[[ RECORDED DATA open ]]

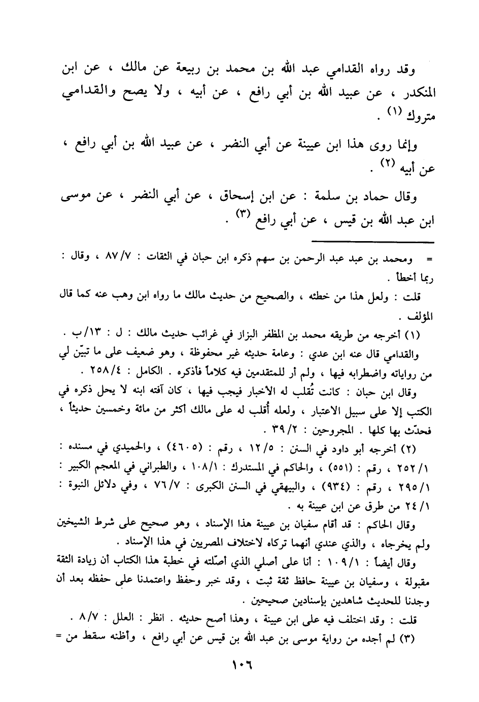 وَقَدْ رَوَاهُ الْقُدَامِيُّ عَبْدُ اللَّهِ بْنُ مُحَمَّدِ بْنِ رَبِيعَةَ عَنْ مَالِكٍ عَنِ ابْنِ الْمُنْكَدِرِ عَنْ عُبَيْدِ اللَّهِ بْنِ أَبِي رَافِعٍ عَنْ أَبِيهِ وَلا يَصِحُّ وَالْقُدَامِيُّ مَتْرُوكٌ
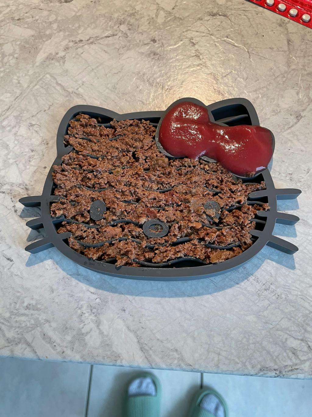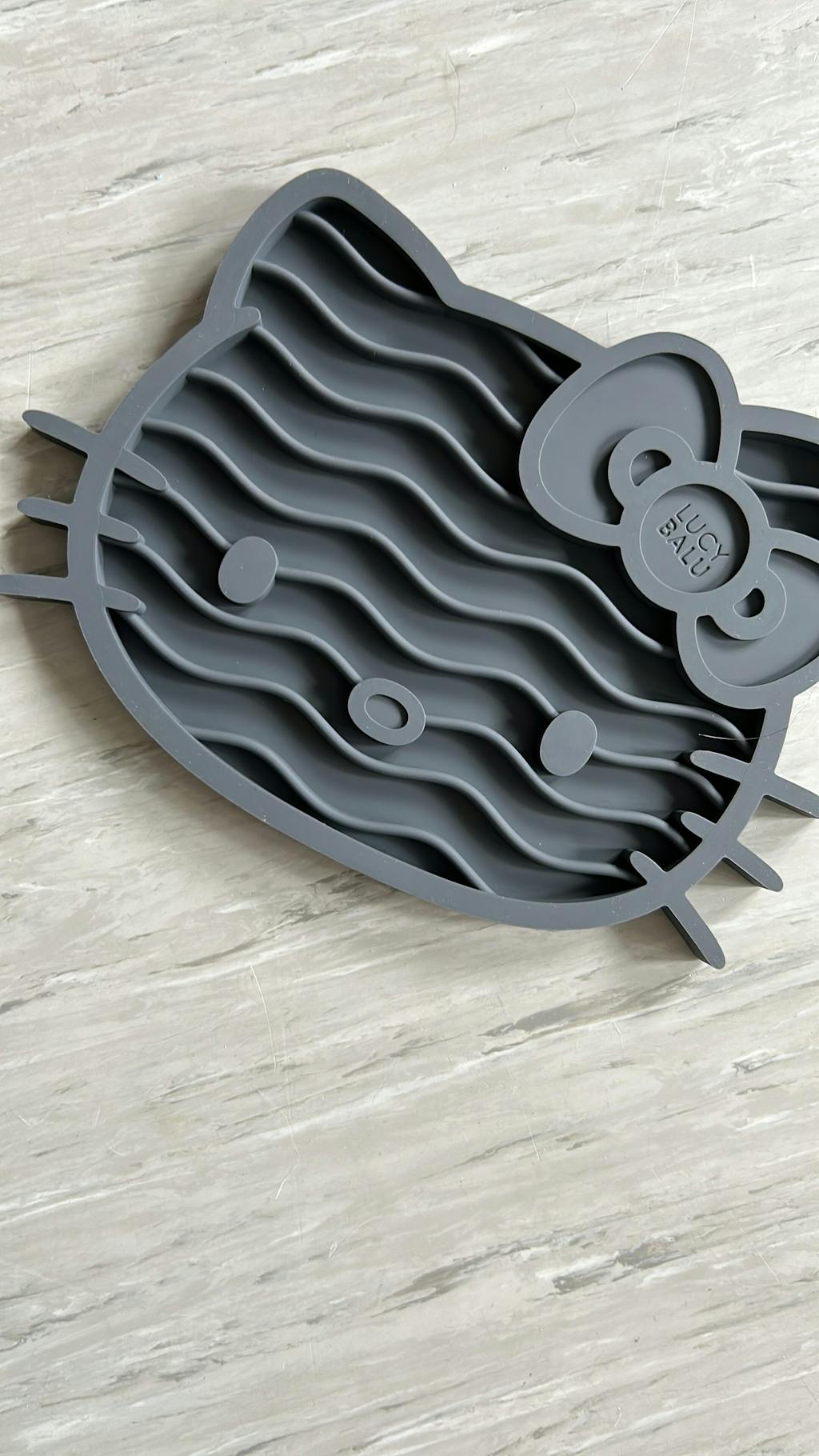 • Statement piece. The lick mat in Hello Kitty design is not just nice to look at for your cat.
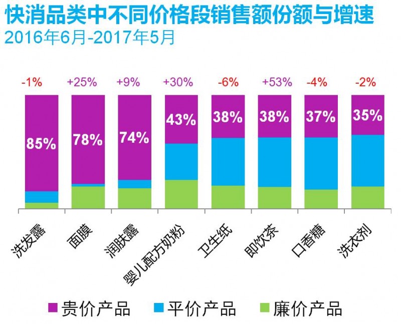 中国快消品升级指数不断攀升,但不同品类所处阶段不同。数据显示,洗发露、润肤乳、面膜三个品类中贵价商品所占比例分别为85%、74%、78%,面膜增速最快,达25%;即饮茶、婴儿配方奶粉贵价产品所占比例仅为38%和43%,但即饮茶贵价产品的销售份额增速达53%,婴儿配方奶粉的增速也达到43%的高位;口香糖、洗衣液、卫生纸品类贵价产品占比较小,增速较为缓慢。

[[ RECORDED DATA closed ]]

◆ **AIM OF THE EXERCISE**: Nothing but the lines from the one containing "for your cat." through the end of the listing is to be output, and those lines are to be output exactly, pictures excluded.

◆ **SOLUTION TO THE EXERCISE**:
 • Statement piece. The lick mat in Hello Kitty design is not just nice to look at for your cat.
 中国快消品升级指数不断攀升,但不同品类所处阶段不同。数据显示,洗发露、润肤乳、面膜三个品类中贵价商品所占比例分别为85%、74%、78%,面膜增速最快,达25%;即饮茶、婴儿配方奶粉贵价产品所占比例仅为38%和43%,但即饮茶贵价产品的销售份额增速达53%,婴儿配方奶粉的增速也达到43%的高位;口香糖、洗衣液、卫生纸品类贵价产品占比较小,增速较为缓慢。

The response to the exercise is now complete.